I don’t know what David Begg was referring to, but it could well be 8-12 jobs in the construction phase.

There should still be some long term jobs. Eg for the Luas you have the drivers (direct jobs) plus the fact that Dublin is more competitive with a tram system which indirectly helps attract FDI, tourism and so on.

I’m fairly confident that he was talking about the construction phase, and that he meant jobs per €m per annum, because it’s the most obvious way in which the numbers add up, and because there are many other people in Ireland and internationally who use much the same terminology. There are also, however, many other definitions of job creation in common use.

The long term net impact on jobs may be positive, neutral or negative. Many investments have little or no ongoing employment associated with them, and where they do have a net ongoing employment impact it is typically a small fraction of that in the construction phase. My guess is that the net jobs impact of LUAS is positive, although one should ideally take account of factors such as jobs displaced from the bus system and the long term jobs impact of the costs associated with debt servicing in a calculation.

@Al – “If the above can be implemented, we could get more done, by more people for less.”

It’s already being done. They are called ‘unpaid interns’ and I see more and more ads for them every day as the summer progresses. A cynical abuse of young people who are desperate for a job.

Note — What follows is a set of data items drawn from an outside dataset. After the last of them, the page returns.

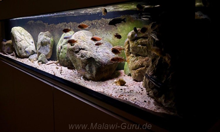 Dazu ist ein gut überlegter ‚Bodengrund‘ für das heimische Malawi-Becken wichtig. Manchmal mehr, manchmal weniger. Vor allem wenn man Malawisee-Aquarien im Lebensraum ‚reine Felszone‘ gestaltet, kann man dies entspannter angehen.
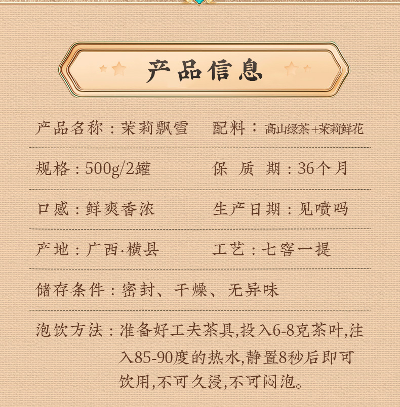 【自营】碧岩韵茶孔雀茉莉花茶2*250g精选
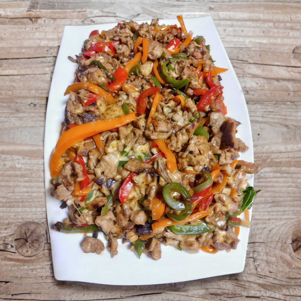 350 g De carne fresca pesada en crudo, cuidadosamente seleccionada, chile morrón, cebolla y tocino, se prepara a la plancha para brindarle textura y calidad.

“If only it was 8-12 jobs from every milion spent in NAMA……”

That is funny. The only jobs NAMA is going to protect are those of the various so-called ‘professionals’ who I believe have a big fees budget allocated to them over the next 10 years in NAMA.

@TRP – “people you take off the dole are less likely to be involved in crime and other unsocial behaviour” … you really should choose your words more carefully. I know lots of people recently put on the dole who have never been involved in crime or unsocial behaviour and are not likely to be. In fact, I would say that accounted for 100% of the people I know on the dole.

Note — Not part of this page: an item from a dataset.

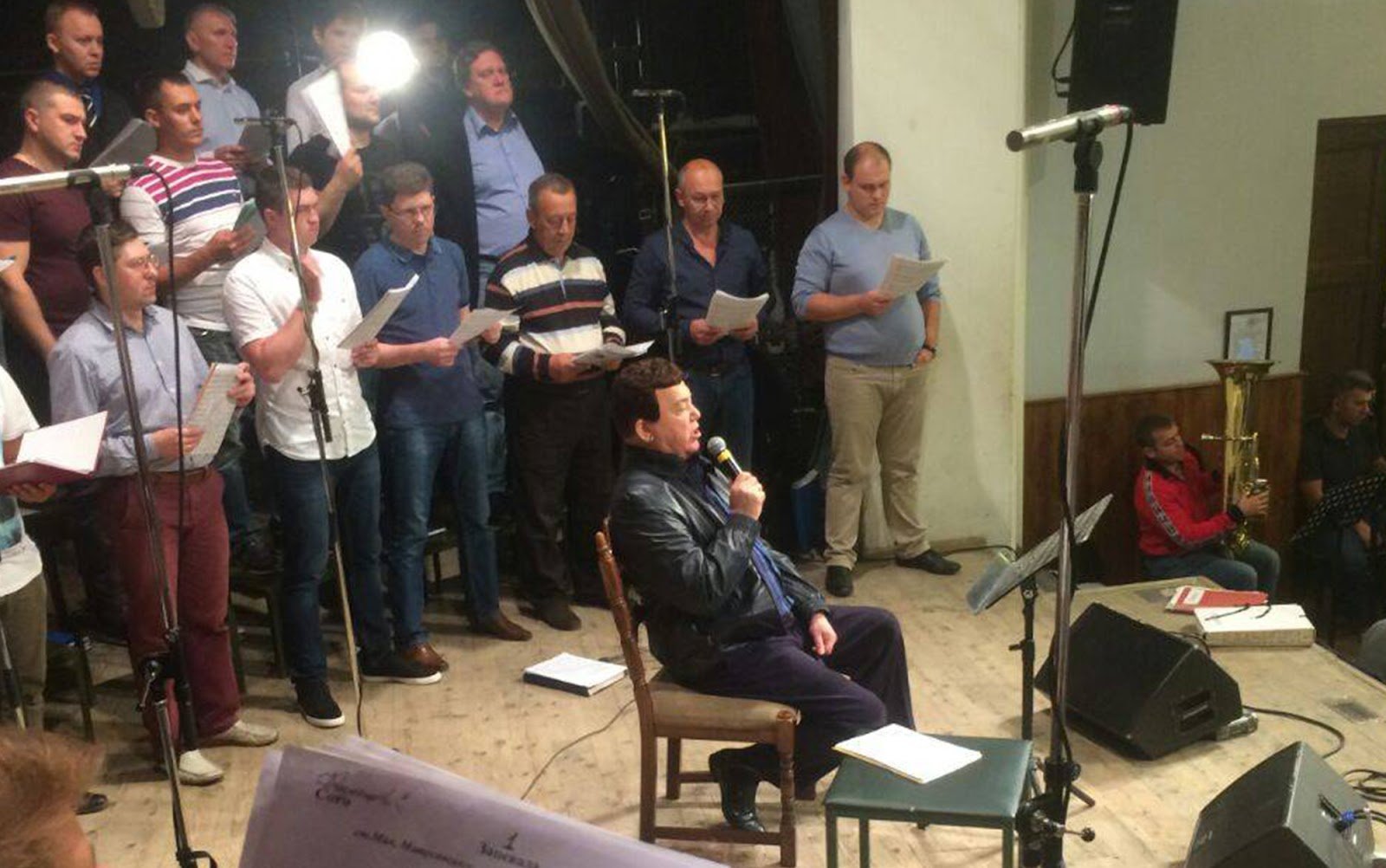 Тифлокомментарий: цветная фотография. Репетиция хора в актовом зале. Иосиф Кобзон сидит на стуле в центре сцены, поет в микрофон. На нем темные брюки и куртка. За ним в три ряда полукругом выстроились хористы в повседневной одежде, держат перед собой ноты. Во втором ряду стоит Олег, сложив руки за спиной.

Sounds like you have the answer though. Tip all the prisoners out of jail and make them work for free (h’mmm… brings a whole new meaning to that word ‘intern’) and you get the infrastructure cheaply plus a saving of €77,222 for each prisoner.

@ Con,

I think it is fair to say that €1m is sufficient to employ 8 to 12 construction workers for one year. Another €1m will then be required to create the jobs again the next year, a further €1m the following year, and so forth.

Al in his comment above mentions professional services to be provided on government infrastructural projects. I know it is a fact, from my own knowledge of these professional services, that to keep a handful of those jobs in a small company going, you need to have millions and millions worth of construction each year. It is frightening, when you work out those ratios. The managing directors of engineering, design and construction firms spend the vast bulk of their time in a panic, they might not find enough of construction work, to pay salaries of their employees. When we talk about infrastructural projects and construction jobs, I often wonder what that means. Because the construction jobs are the thin end of the wedge. It is the vast amount of professional services, and indeed communications back and forth between government departments and bodies, which is where the money gets spent. I have often chatted to people who had careers in local authorities, and they reckon that for each m2 of motorway tarmac laid, there might have been 2 or 3m2 of paper correspondance and drawings produced. Quite literally.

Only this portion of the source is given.